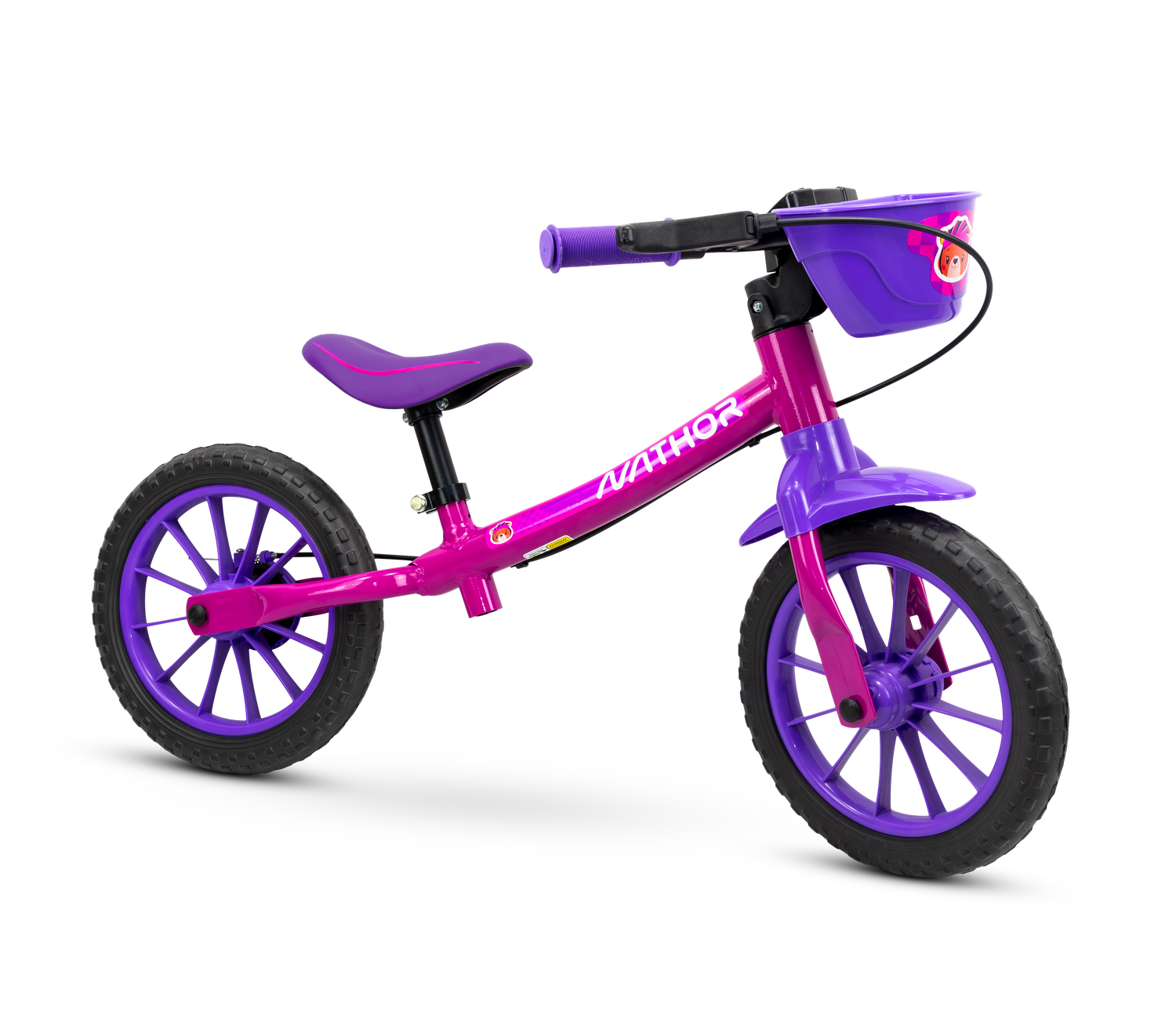 A bicicleta Balance Nathor conta com limitador de giro do guidão (garantindo mais segurança), pneus em E.V.A. (mais leves e antiderrapantes), freio traseiro a tambor e regulagem de altura do selim de PU.
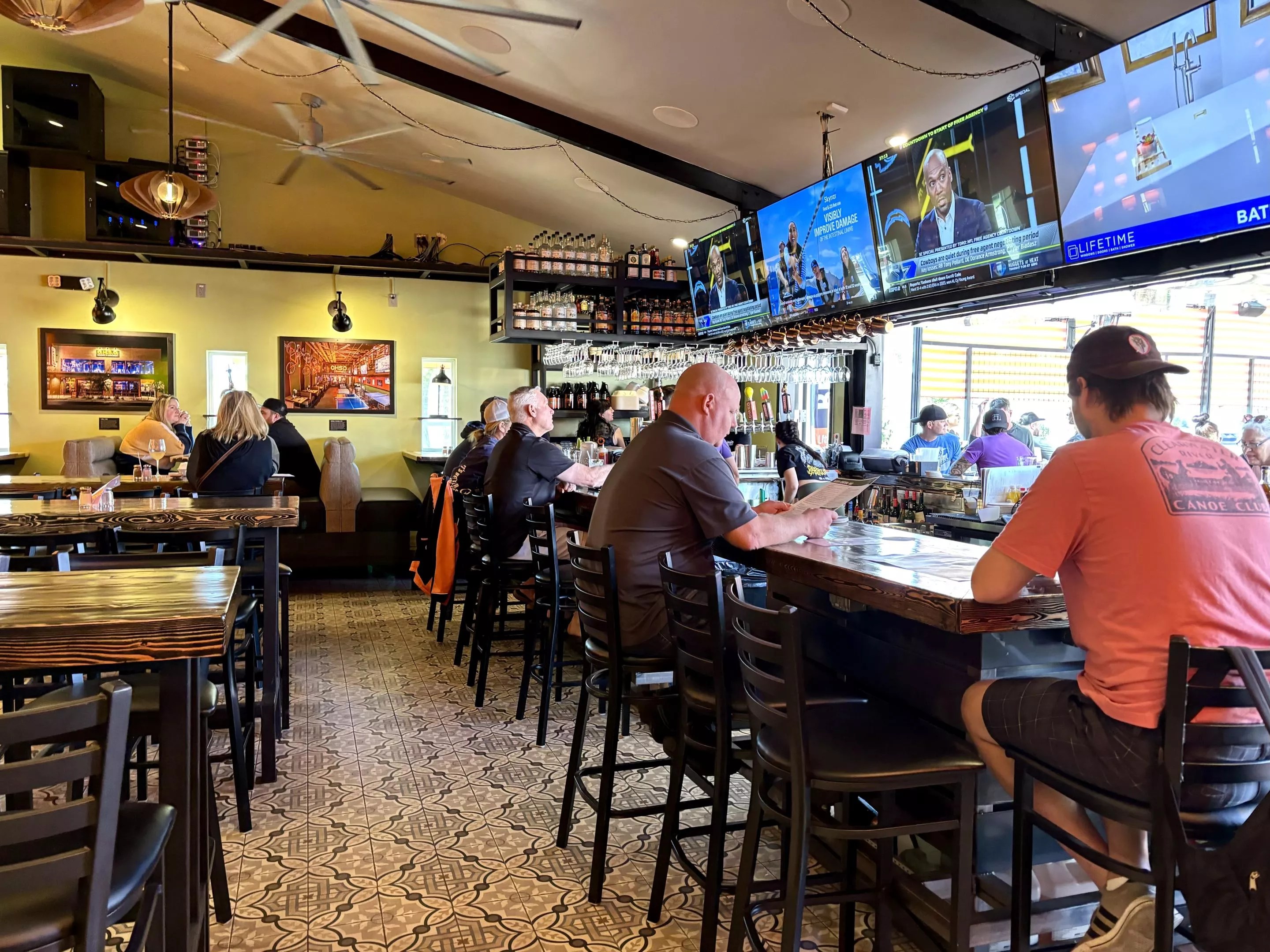 The interior seating area of O.H.S.O. is quite small, featuring a bar with plenty of TV screens to catch the game. The bar opens onto the large patio area.
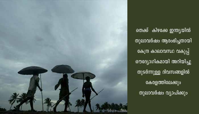 തെക്ക് കിഴക്കേ ഇന്ത്യയിൽ തുലാവർഷം ആരംഭിച്ചതായി കേന്ദ്ര കാലാവസ്ഥ വകുപ്പ് ഔദ്യോഗികമായി അറിയിച്ചു. തമിഴ്നാട്, പുതുച്ചേരി, ആന്ധ്രാപ്രാദേശിന്റെ തെക്കൻ തീരങ്ങളിൽ തുലാവർഷം ആരംഭിച്ചതായി കേന്ദ്ര കാലാവസ്ഥ വകുപ്പ് വ്യക്തമാക്കി.തുടർന്നുള്ള ദിവസങ്ങളിൽ കേരളത്തിലേക്കും തുലാവർഷം വ്യാപിക്കും. തെക്കൻ കേരളത്തിൽ വ്യാപകമായി ശക്തമായ മഴയ്ക്ക് സാധ്യതയുണ്ട്. ഉച്ചയ്ക്ക് ശേഷം കിഴക്കൻ മേഖലയിൽ നിന്ന് ആരംഭിക്കുന്ന ഇടിമിന്നലോട് കൂടിയ മഴയാണ് തുലാവർഷത്തിന്റെ പ്രത്യേകത. കൊല്ലം, പത്തനംതിട്ട, ആലപ്പുഴ, കോട്ടയം, ഇടുക്കി, പാലക്കാട് ജില്ലകളിൽ 30/10/22 ഞായറാഴ്ച യെല്ലോ അലർട്ട് പ്രഖ്യാപിച്ചു. 01/11/22 ചൊവ്വാഴ്ച്ച 7 ജില്ലകളിലും, 02/11/22 ബുധനാഴ്ച്ച 8 ജില്ലകളിലും യെല്ലോ മുന്നറിയിപ്പ് നൽകി.
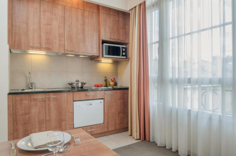 Un mic dejun continental este disponibil zilnic, la un cost suplimentar. Fiecare apartament sau studio oferă chicinetă cu frigider, cuptor cu microunde si prăjitor de paine. Puteti găsi restaurante si cafenele la mai putin de 300 de metri de proprietate.
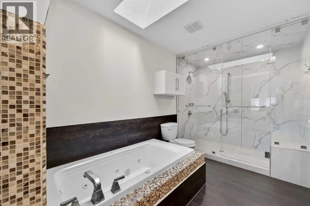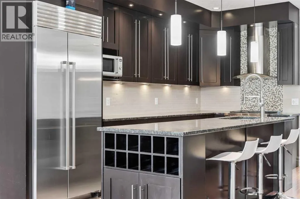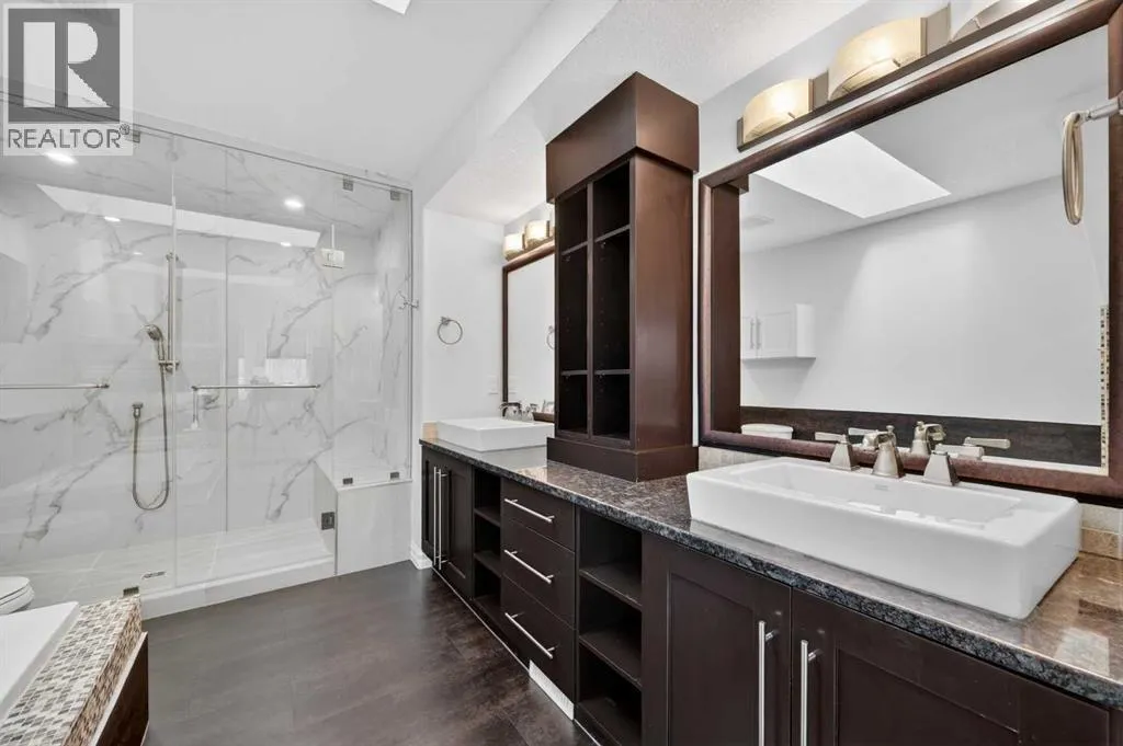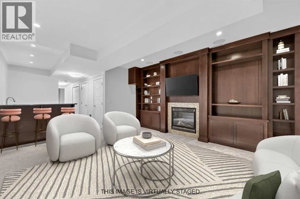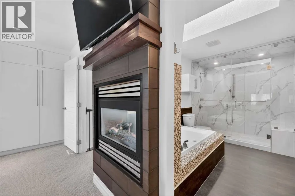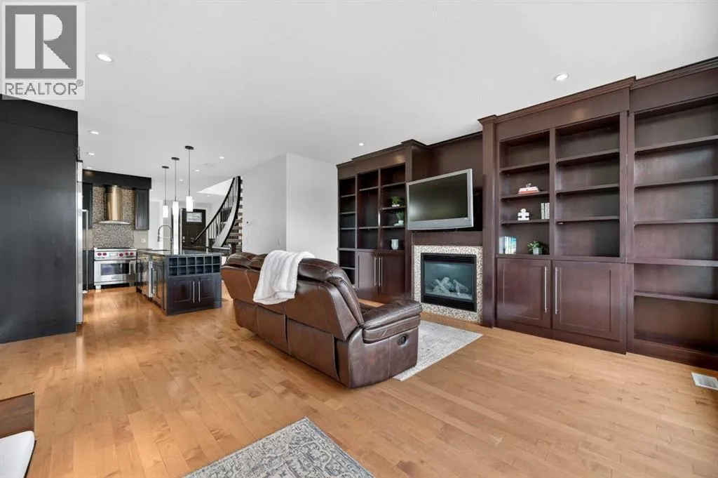 Hardwood Through the Main Level, Built-in Cabinetry and Wall Closets, 3 Gas Fireplaces. Front Entrance has Built-in Wall Closet and is Showcased by the Beautiful Curved Staircase. Large, Bright Dining Room is just off the Front Foyer and allows for use as stand-alone Dining Room or combination Dining Room with Sitting Area. The Gourmet Kitchen includes Top of the Line Appliances – Wolf Gas Range, Sub-Zero Fridge, Bosch Dishwasher – Beautiful Granite Countertops, Large Island with Built-in Wine Rack and Breakfast Bar, Richly Stained Cabinets. Kitchen opens to the Spacious Living Room with Built-In Cabinets and Shelving surrounding a Gas Fireplace. Breathtaking Primary Bedroom features Vaulted Ceiling, Wall-to-Wall Built-in Closet, Balcony for Morning Coffee or Evening Glass of Wine, Beautiful Two-Sided Gas Fireplace that is shared with the Gorgeous Ensuite – Large, remodeled Shower, Dual Vanities. Two Good-Sized Bedrooms, Main 4 Piece Bathroom and Laundry complete the Upper Level. Basement is Developed to same High Standards as the rest of the Home – Great Family Room with more Built-in Cabinetry and 3rd Gas Fireplace, Wet Bar, Built-In Speakers plus Full 4 Piece Bathroom and a 4th Bedroom which is perfect for Teenagers or Guests. Low Maintenance Backyard starts with the Raised Deck with Built-In BBQ Centre & Warming Oven, Hot Tub & Privacy Screen accessed from the Living Room. Under Deck Storage, Double Detached Garage, Paved Back Alley and Exposed Concrete Front Walkway. But this is Not All! In the past few years the owners have replaced the Furnace, installed a Tankless Water System, installed a R adon Mitigation System, Air Exchanger was set up, Primary Shower was Redone, Rebuilt the Built-in BBQ area with new BBQ, Installed 40 year Shingles in 2024 plus replaced the Washer, Dryer & Dishwasher. This Wonderful Family Home is located within walking distance to the Altadore School, Parks plus trendy Marda Loop restaurants & shops and much more! Easy access in and out of the community. This is a winner! (id:62650)
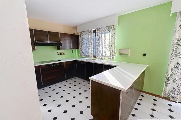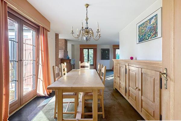 Hall d'entrée, vestiaire, WC séparé, salon, salle à manger, coin TV, cuisine équipée avec coin repas, bureau, garage.
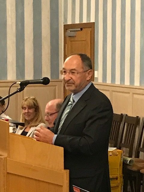 Er freut sich über die neuen Buslinien und berichtet über Projekte, die hier eher wenig interessieren: Die FOS, das Gymnasium in Herrsching, die Zusammenarbeit mit der Geburtshilfeklinik in Wolfratshausen.
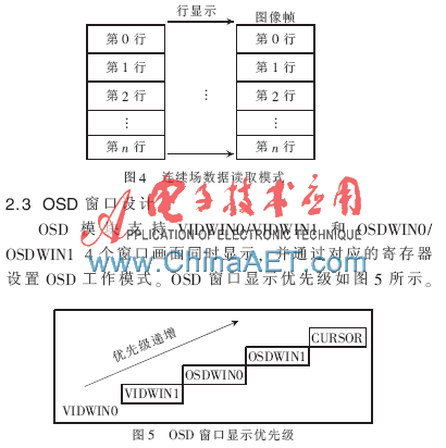每个窗口可以设置为帧模式和场模式。帧模式的特点是允许每帧图像数据连续储存在DDR2中,图像显示时按照奇偶场进行读取。场模式特点是允许图像数据单独储存在DDR2中,图像显示是根据VENC的工作模式窗口高度。处理芯片DM6437集成了DDR2内存控制器,支持JESD79D-2A标准,并提供32 bit DDR2接口。图像数据存储在DDR2中,当需要VENC连续从DDR2中读取数据时,将OSD窗口设置为连续场模式,对应的寄存器位VIDWINMD.VFFO和OSDWIN0MD.OFF0使能。连续场数据读取模式如图4所示。
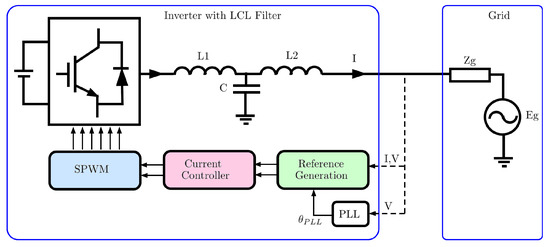 This section provides a theoretical background of filter characteristics to better understand the different filter design approaches incorporated in the literature. The filter is generally used to attenuate high-frequency harmonics, especially switching ripples generated by high-frequency PWM signals. Unlike the L filter, small increases in inductor values of an filter can attenuate the switching ripples significantly [20]. The detailed equivalent models of a passive filter and the control block diagram are shown in Figure 1, where the components can be characterised as follows.

§ **WORK INSTRUCTION**
Nothing but the text of the listing should be set down, exactly, with the pictures left behind.

§ **YOUR SOLUTION**
 A bicicleta Balance Nathor conta com limitador de giro do guidão (garantindo mais segurança), pneus em E.V.A. (mais leves e antiderrapantes), freio traseiro a tambor e regulagem de altura do selim de PU.
 The interior seating area of O.H.S.O. is quite small, featuring a bar with plenty of TV screens to catch the game. The bar opens onto the large patio area.
 തെക്ക് കിഴക്കേ ഇന്ത്യയിൽ തുലാവർഷം ആരംഭിച്ചതായി കേന്ദ്ര കാലാവസ്ഥ വകുപ്പ് ഔദ്യോഗികമായി അറിയിച്ചു. തമിഴ്നാട്, പുതുച്ചേരി, ആന്ധ്രാപ്രാദേശിന്റെ തെക്കൻ തീരങ്ങളിൽ തുലാവർഷം ആരംഭിച്ചതായി കേന്ദ്ര കാലാവസ്ഥ വകുപ്പ് വ്യക്തമാക്കി.തുടർന്നുള്ള ദിവസങ്ങളിൽ കേരളത്തിലേക്കും തുലാവർഷം വ്യാപിക്കും. തെക്കൻ കേരളത്തിൽ വ്യാപകമായി ശക്തമായ മഴയ്ക്ക് സാധ്യതയുണ്ട്. ഉച്ചയ്ക്ക് ശേഷം കിഴക്കൻ മേഖലയിൽ നിന്ന് ആരംഭിക്കുന്ന ഇടിമിന്നലോട് കൂടിയ മഴയാണ് തുലാവർഷത്തിന്റെ പ്രത്യേകത. കൊല്ലം, പത്തനംതിട്ട, ആലപ്പുഴ, കോട്ടയം, ഇടുക്കി, പാലക്കാട് ജില്ലകളിൽ 30/10/22 ഞായറാഴ്ച യെല്ലോ അലർട്ട് പ്രഖ്യാപിച്ചു. 01/11/22 ചൊവ്വാഴ്ച്ച 7 ജില്ലകളിലും, 02/11/22 ബുധനാഴ്ച്ച 8 ജില്ലകളിലും യെല്ലോ മുന്നറിയിപ്പ് നൽകി.
 Un mic dejun continental este disponibil zilnic, la un cost suplimentar. Fiecare apartament sau studio oferă chicinetă cu frigider, cuptor cu microunde si prăjitor de paine. Puteti găsi restaurante si cafenele la mai putin de 300 de metri de proprietate.
 Hardwood Through the Main Level, Built-in Cabinetry and Wall Closets, 3 Gas Fireplaces. Front Entrance has Built-in Wall Closet and is Showcased by the Beautiful Curved Staircase. Large, Bright Dining Room is just off the Front Foyer and allows for use as stand-alone Dining Room or combination Dining Room with Sitting Area. The Gourmet Kitchen includes Top of the Line Appliances – Wolf Gas Range, Sub-Zero Fridge, Bosch Dishwasher – Beautiful Granite Countertops, Large Island with Built-in Wine Rack and Breakfast Bar, Richly Stained Cabinets. Kitchen opens to the Spacious Living Room with Built-In Cabinets and Shelving surrounding a Gas Fireplace. Breathtaking Primary Bedroom features Vaulted Ceiling, Wall-to-Wall Built-in Closet, Balcony for Morning Coffee or Evening Glass of Wine, Beautiful Two-Sided Gas Fireplace that is shared with the Gorgeous Ensuite – Large, remodeled Shower, Dual Vanities. Two Good-Sized Bedrooms, Main 4 Piece Bathroom and Laundry complete the Upper Level. Basement is Developed to same High Standards as the rest of the Home – Great Family Room with more Built-in Cabinetry and 3rd Gas Fireplace, Wet Bar, Built-In Speakers plus Full 4 Piece Bathroom and a 4th Bedroom which is perfect for Teenagers or Guests. Low Maintenance Backyard starts with the Raised Deck with Built-In BBQ Centre & Warming Oven, Hot Tub & Privacy Screen accessed from the Living Room. Under Deck Storage, Double Detached Garage, Paved Back Alley and Exposed Concrete Front Walkway. But this is Not All! In the past few years the owners have replaced the Furnace, installed a Tankless Water System, installed a R adon Mitigation System, Air Exchanger was set up, Primary Shower was Redone, Rebuilt the Built-in BBQ area with new BBQ, Installed 40 year Shingles in 2024 plus replaced the Washer, Dryer & Dishwasher. This Wonderful Family Home is located within walking distance to the Altadore School, Parks plus trendy Marda Loop restaurants & shops and much more! Easy access in and out of the community. This is a winner! (id:62650)
 Hall d'entrée, vestiaire, WC séparé, salon, salle à manger, coin TV, cuisine équipée avec coin repas, bureau, garage.
 Er freut sich über die neuen Buslinien und berichtet über Projekte, die hier eher wenig interessieren: Die FOS, das Gymnasium in Herrsching, die Zusammenarbeit mit der Geburtshilfeklinik in Wolfratshausen.
每个窗口可以设置为帧模式和场模式。帧模式的特点是允许每帧图像数据连续储存在DDR2中,图像显示时按照奇偶场进行读取。场模式特点是允许图像数据单独储存在DDR2中,图像显示是根据VENC的工作模式窗口高度。处理芯片DM6437集成了DDR2内存控制器,支持JESD79D-2A标准,并提供32 bit DDR2接口。图像数据存储在DDR2中,当需要VENC连续从DDR2中读取数据时,将OSD窗口设置为连续场模式,对应的寄存器位VIDWINMD.VFFO和OSDWIN0MD.OFF0使能。连续场数据读取模式如图4所示。
 This section provides a theoretical background of filter characteristics to better understand the different filter design approaches incorporated in the literature. The filter is generally used to attenuate high-frequency harmonics, especially switching ripples generated by high-frequency PWM signals. Unlike the L filter, small increases in inductor values of an filter can attenuate the switching ripples significantly [20]. The detailed equivalent models of a passive filter and the control block diagram are shown in Figure 1, where the components can be characterised as follows.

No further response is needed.